Challenges in Obtaining Informed Consent for Endovascular Thrombectomy in Acute Stroke: A Survey of Providers
Ali Alsarah, Amir Mbonde, Adam Dmytriw, Joshua Hirshch, Aneesh Singhal, Thabele Leslie-Mazwi, Anna Bonkhoff, Natalia Rost, Aman Patel, Michael Young, Robert Regenhardt
Neurology, 8 April 2025
Abstract
Objective
To identify challenges that providers face when obtaining informed consent (IC) for endovascular thrombectomy (EVT).
Background
IC is viewed as integral to medical practice and clinical research, particularly when procedures are involved. However, the process can be fraught with significant challenges, especially for time sensitive emergency treatments such as EVT.
Design/Methods
Healthcare providers involved in acute stroke care were surveyed from July to December 2023. The questionnaire was created using Qualtrics and distributed via institutional networks, professional societies including the American Academy of Neurology and StrokeNet, and social media.
Results
Among 391 total respondents, 74% were staff physicians, predominantly from the United States (70%) and employed at academic medical centers (76%). The mean duration in clinical practice was 13.1 ±10.6 years. When asked how often there was uncertainty regarding the optimal approach to IC for EVT, responses stated: “never” (35%), “sometimes” (52%), “often” (9%), and “always” (4%). Respondents answered “no” (21%), “yes” (56%), or “unsure” (23%), when asked if their institutions had policies around IC for EVT. Furthermore, 83% stated they never received training at their institutions on the topic.
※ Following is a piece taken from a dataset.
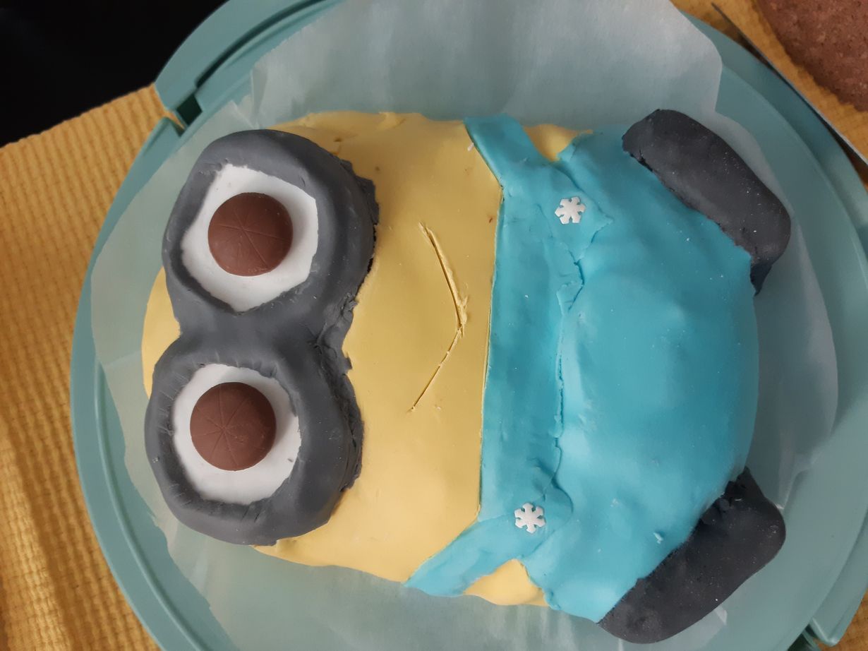 Tyttäreni avopuoliso leipo tänä keväänä 60-vuotissyntymäni kunniaksi Minion-kakun, koska tiesi minun pitävän Minioneista. Kakku oli hieno, enkä olisi malttanut millään leikata siitä palaa, mutta pakkohan se oli.

In free-text responses about perceived challenges to IC for EVT, several key themes emerged: time constraints in emergency settings (40%), lack of patient capacity (20%), availability of surrogates/family (15%), communication barriers (10%), institutional practices/policies (10%), and legal/ethical considerations (5%). Respondents stated: “time is brain,” “seems excessive like consent for CPR,” “overly ambitious to provide EVT even outside of guidelines,” “wildly different physician opinions,” and “patients are unusually incapacitated.”
Conclusions
This study underscores the provider uncertainty, lack of specific training, and challenges associated with obtaining IC for EVT in acute stroke care. To address these specific challenges, there is a critical need for standardized training, protocols, and guidelines that can be applied across varied geographical regions and multidisciplinary environments.